For years now, big banks and brokerage firms have been urging their wealthiest individual clients to get into private-equity funds. Buying such a prestigious fund can make you feel like a big cheese with privileged access to the high returns corporate deal making can generate. Trying to sell one, however, can make you feel like a tiny mouse in a giant glue trap.
Consider J.C. Flowers II L.P., once one of the most glamorous of the buyout funds. By July 1, investors must decide whether to stick with the fund, which has lost roughly 60% over its life, or sell their stakes to a group of buyers for less than three-fourths of its shriveled value.
Investors face two risks. If they sell now, they lock in an even more severe loss than they have already suffered. If they hang on, they gamble that the manager can turn the fund around, while having no idea how much longer they will have to wait to get their money out.
It’s instructive to see how investors ended up in this bind.
Launched in 2006 by the firm led by J. Christopher Flowers, formerly a top banker at Goldman Sachs, J.C. Flowers II sought to raise $3.5 billion.
As the financial bubble peaked, Flowers practically had to beat investors away with sticks.

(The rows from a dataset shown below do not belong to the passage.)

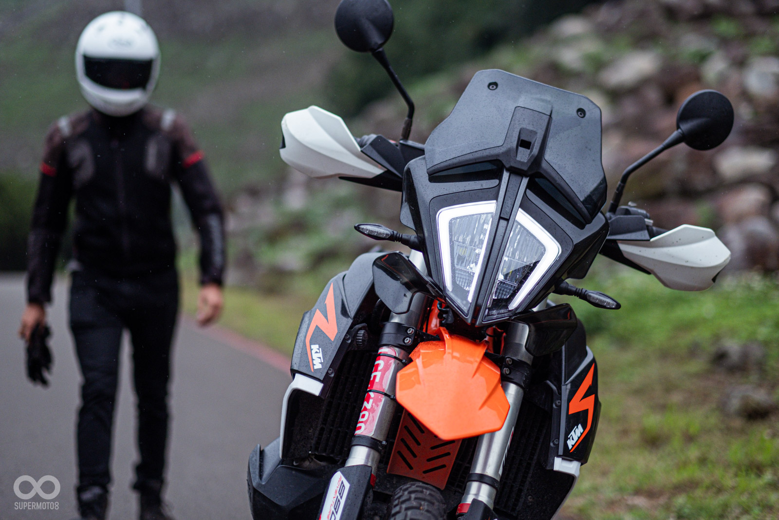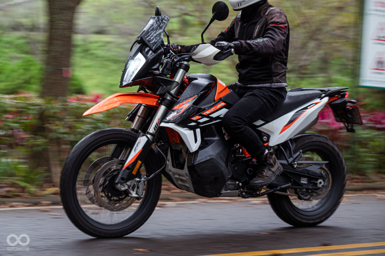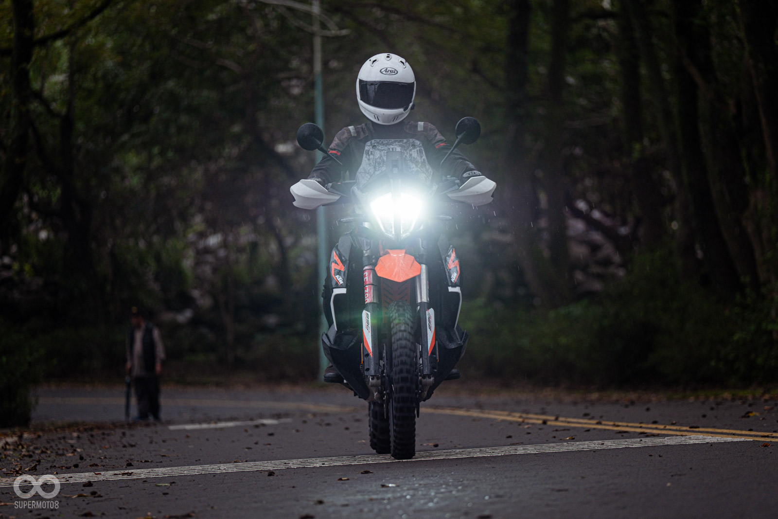 但相對可惜的是本次拍攝期間,剛好遇到北台灣的連日雨天,不過潮濕的柏油依舊抵擋不了KTM猛爆的雙缸動力,道路上騎乘,你可以輕鬆地釋放KTM 890 ADVENTURE R那隨傳隨有的100Nm扭力,即便這台車撘載前21後19的越野取向的巧克力胎,但面對都會與高架道路直線為主的移動狀態,依舊會讓車主笑容滿面。
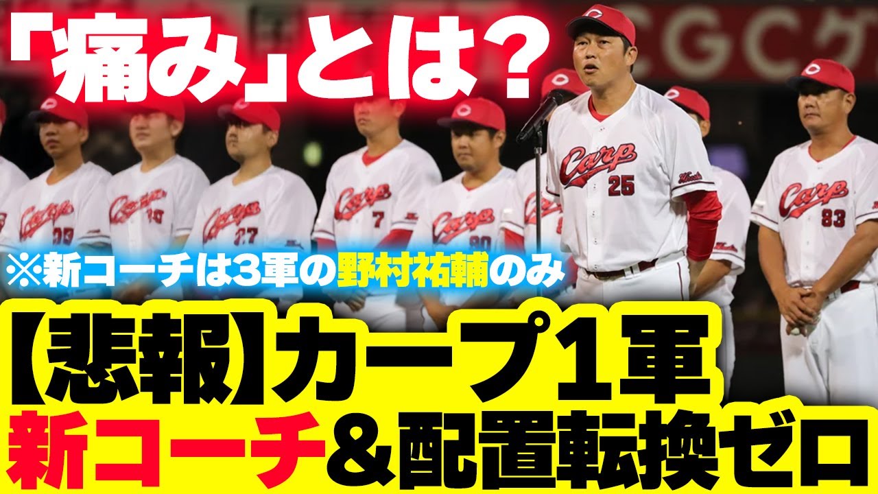 カープ2025年コーチ陣発表!1軍は全員留任。野村祐輔のみ新コーチ 広島カープ2025年コーチ陣発表!1軍は全員留任。野村祐輔のみ新コーチ ※カープファンからは特に新打撃コーチを求める声が大きかったが、朝山東洋打撃コーチ、小窪哲也打撃コーチは留任し、新打撃コーチの招集はなし。 ■VOICEVOX ずんだもん 四国めたん 冥鳴ひまり 猫使ビィ 春日部つむぎ ちび式じい 青山龍星 玄野武宏 No7 #carp #カープ #コーチ #首脳陣 #打撃コーチ Hiroshima Toyo Carpカープ広島広島東洋カープ野村祐輔 NPBHUB.COM | The Fanbase of Nippon Baseball & Nippon Professional Baseball
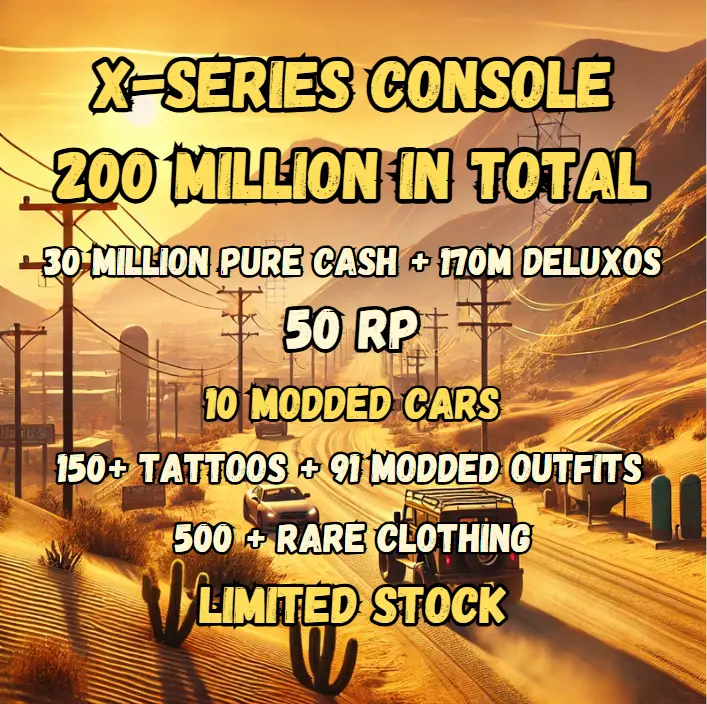 Xbox Series Enhanced Modded Outfits Account | Male Character | Max Stats & 150+ Rare Tattoos | 91 Modded Outfits + 200M (30M Pure Cash + 170M Deluxos) | RP 50 | 10 Modded Cars | #GTAXSCC186
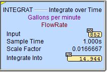 The calculation performed at each Sample Time is: Integrate Into = Integrate Into + (Input * (current Sample Time in seconds) * Scale Factor).
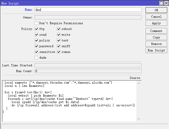 在/system scripts编写以下脚本,这里还包含了另外一个域名danuoyi.alicdn.com(此脚本运行在RouterOS v7)

Lured by the success of the firm’s first fund and the hope of giant gains from buyouts of banks and other financial companies that Mr. Flowers knew so well, money came pouring in.
J.C. Flowers II closed the floodgates at $7 billion. Among its investors were such giants as the Andrew W. Mellon Foundation, the Colorado Public Employees’ Retirement System, the Teachers’ Retirement System of the State of Illinois and the University of California. A number of wealthy individuals bought in, too.
Before the fund could get all that money invested, the bubble burst. Flowers also made some unfortunate investments, including MF Global, the brokerage firm that collapsed and sought bankruptcy protection in 2011, and Tokyo-based Shinsei Bank, which has fallen more than 60% since the fund bought it in 2008.
Scheduled to earn a 1% annual management fee and 20% of profits, Flowers cut its yearly fee to 0.9% after the losses. It hasn’t kept that 20% cut of investors’ profits, because there aren’t any.
The latest transaction may change that. The new investors in the fund, Coller Capital of London and Goldman Sachs Asset Management of New York, are acquiring their stakes at a 27.5% discount from the fund’s already depressed value as of March 31.